One answer is that Portugal's biggest problem is not primarily fiscal. It concerns growth—or the lack of it. Real GDP growth over the decade since Portugal joined the euro has been the slowest in the zone, despite a boom in Spain, its main trading partner. The country avoided a property bubble of the kind that burst so disastrously in Spain and Ireland. Though it doesn't help much, Portugal's already slow growth also made it less vulnerable to the global recession. "Spain was the wild tiger of Europe and had much further to fall when the recession came," says João Talone, a private-equity manager. "Portuguese companies were already used to extracting value in a difficult climate."
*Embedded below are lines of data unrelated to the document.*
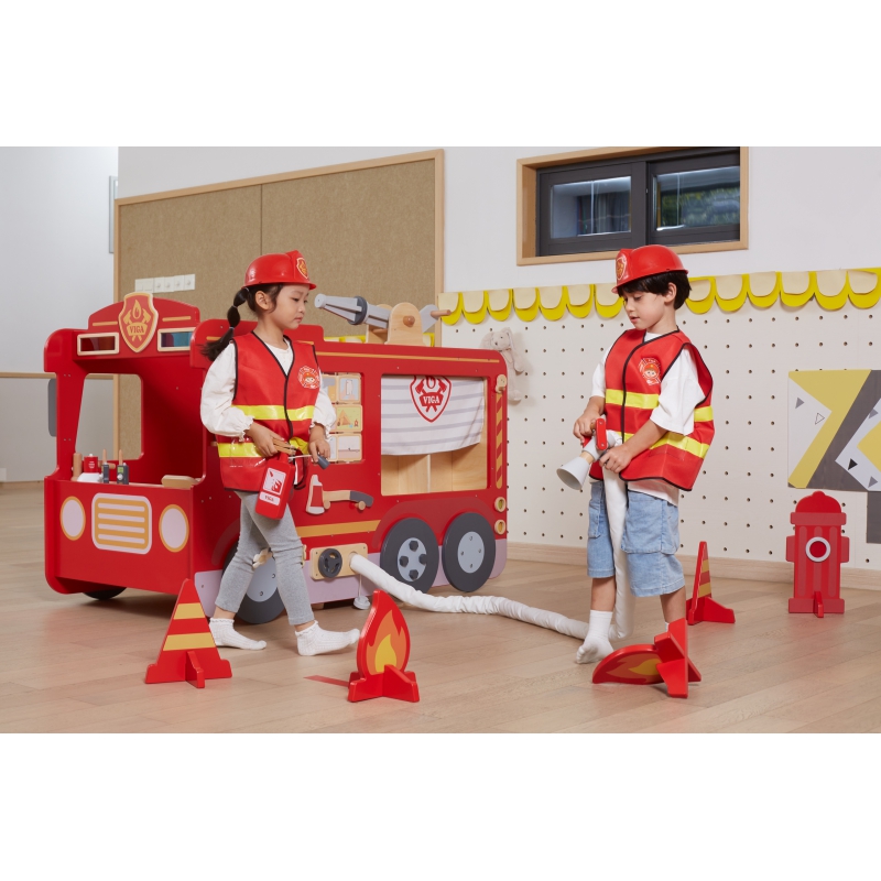 Duży Drewniany Samochód Strażacki od marki VIGA to zabawka, która zapewnia dzieciom bogate doświadczenie w świecie ratownictwa pożarowego. To także wielki wewnętrzny plac zabaw, gdzie dzieci mogą razem wymyślać wiele zabaw. Dzieci mogą wcielać się w rolę odważnych strażaków, gasząc pożary, ratując pluszowe zwierzątka lub nawigując przez skomplikowany labirynt toru ratunkowego. Ta interaktywna zabawka zachęca do aktywnego uczenia się, rozwijając przy tym zdolności motoryczne, logiczne myślenie oraz umiejętności społeczne. Dzięki niej, mali bohaterowie uczą się, jak ważne jest szybkie myślenie i działanie w sytuacjach awaryjnych, a także jak cenne jest posiadanie planu i współpraca w zespole.
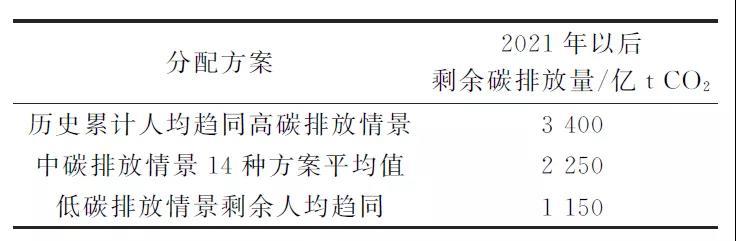 表1我國剩余碳排放空間
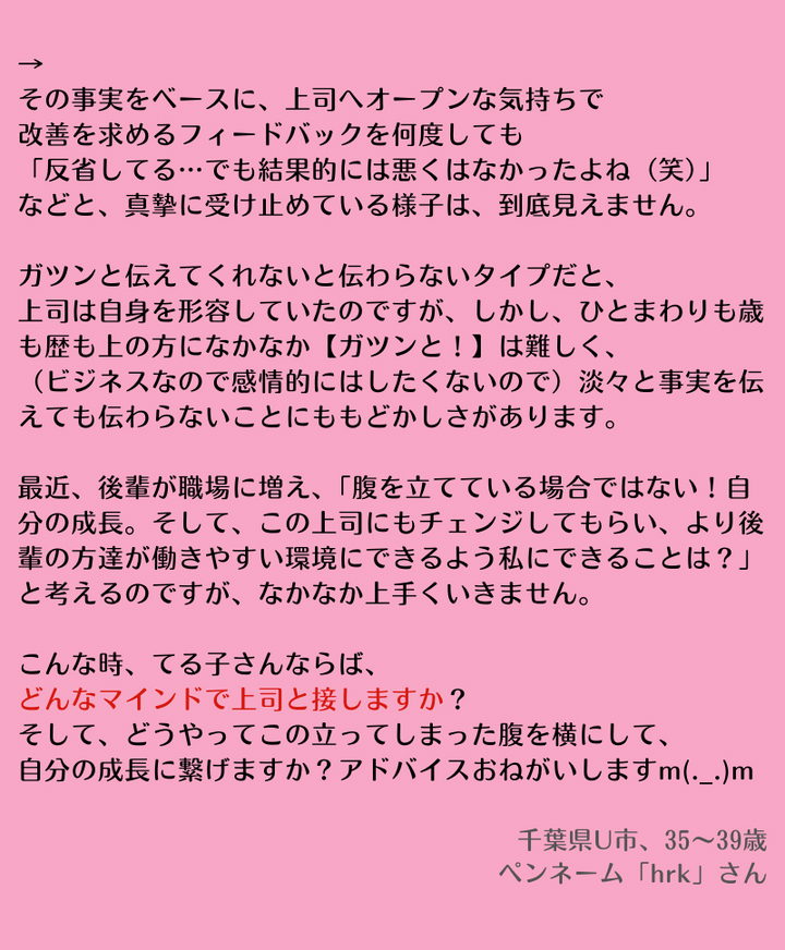 あたしがもしhrkさんだったら、この上司にフィードバックするとなったときに、「今回は怒りを感じる場面がありました」と、自分の気持ちを冷静に、でもはっきりと、あえて文字に起こして伝えるでしょう。
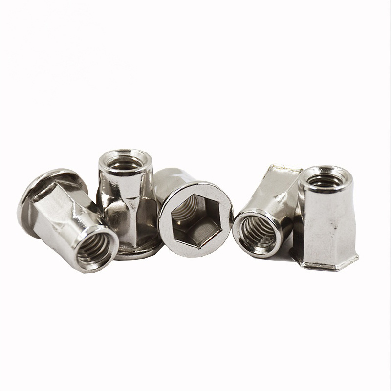 उ: जोपर्यंत तुम्ही प्रथम योग्य आकाराचे षटकोनी छिद्र ड्रिल करता तोपर्यंत तुम्ही ते सर्व प्रकारच्या सामग्रीमध्ये स्थापित करू शकता. सामान्य लोक वापरतात ते सौम्य स्टील, ॲल्युमिनियम आणि फायबरग्लास आहेत. ठिसूळ किंवा मऊ मटेरियलमध्येही ते खरोखर चांगले काम करतात - जसे की प्लास्टिक, पार्टिकल बोर्ड किंवा पातळ शीट मेटल. या सामग्रीमध्ये नियमित रिव्हेट नट फिरू शकतात, परंतु हे हेक्स आकार त्यांना अधिक चांगले पकडते. अशाप्रकारे, तुम्हाला एक थ्रेडेड पॉइंट मिळेल जो घन राहतो आणि फिरत नाही.
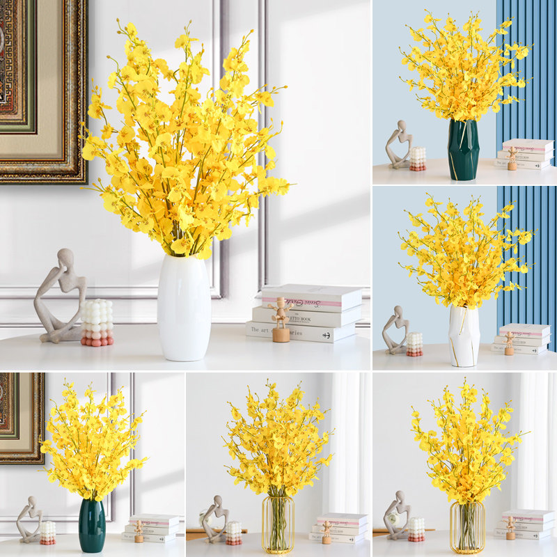 Желтые танцующие реалистичные цветочные композиции для гостиной, декоративные цветы
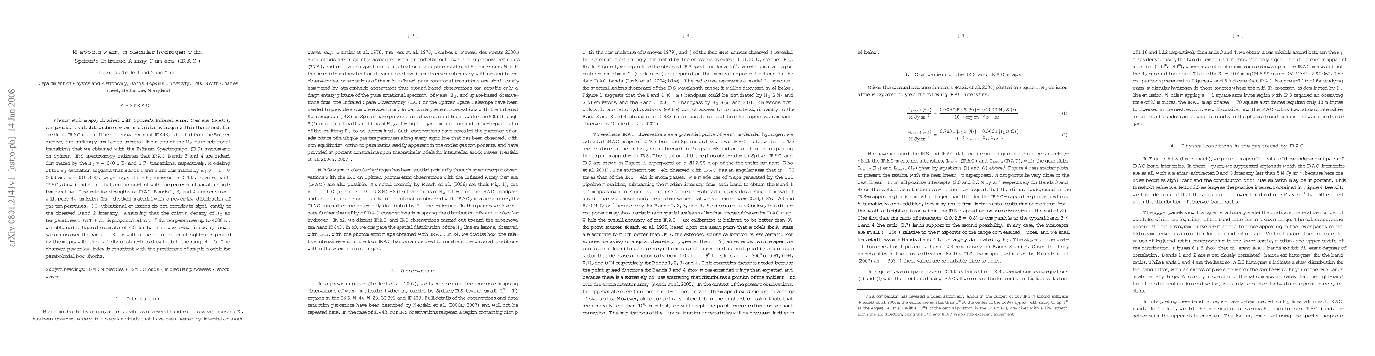 Researchers mapped warm molecular hydrogen in interstellar space using Spitzer's IRAC camera, finding that infrared band ratios suggest a power-law distribution of gas temperatures.

Low growth reflects a disastrous loss of competitiveness since the country joined the euro. Portugal has lost export-market share to emerging economies (including those of eastern Europe) that churn out similar low-value products. This is largely due to a steady rise in unit labour costs, as wage increases outstripped productivity growth (see chart). One consequence is that the Portuguese, once exemplary savers, have been borrowing heavily abroad. Household debt is now the equivalent of almost 100% of GDP and the debt of non-financial companies is nearly 140%.
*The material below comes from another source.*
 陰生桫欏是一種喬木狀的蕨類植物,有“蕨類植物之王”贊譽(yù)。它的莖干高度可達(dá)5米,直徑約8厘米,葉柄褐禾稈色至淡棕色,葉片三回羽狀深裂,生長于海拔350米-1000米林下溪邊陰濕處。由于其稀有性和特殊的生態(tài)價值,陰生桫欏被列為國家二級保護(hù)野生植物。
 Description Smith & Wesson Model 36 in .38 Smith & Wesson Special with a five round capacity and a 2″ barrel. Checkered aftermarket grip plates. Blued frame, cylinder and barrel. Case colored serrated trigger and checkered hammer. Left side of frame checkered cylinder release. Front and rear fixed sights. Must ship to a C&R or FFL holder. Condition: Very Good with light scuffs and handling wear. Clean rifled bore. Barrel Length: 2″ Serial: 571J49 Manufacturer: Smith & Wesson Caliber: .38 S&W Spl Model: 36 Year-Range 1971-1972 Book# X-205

Mr Sócrates sees himself as the modern face of a country in transition from low-cost manufacturing to knowledge-based industries. In five years, he claims, Portugal has become a European leader in renewable energy. It has also cut civil-service jobs from 747,000 to 675,000. It sends some 35% of its young people to university. It is investing over 1.5% of GDP in research, much more than Spain. At the same time, however, Portugal is losing some of its EU structural funds to the club's newer, poorer members from eastern Europe.

A slow-moving bureaucracy, inefficient courts, poor schools and state-supported pockets of the economy protected from competition combine to hold Portugal back. Businessmen moan about rigid labour laws, which there is little political will to reform. Portugal has one of Europe's toughest employee-protection regimes.

In short, Portugal is indeed different from Greece. But if the markets decided to put this to the test, chronic low growth, a drastic loss of competitiveness and high public and private indebtedness are all weaknesses which could swiftly undermine the protection that being different is meant to bring.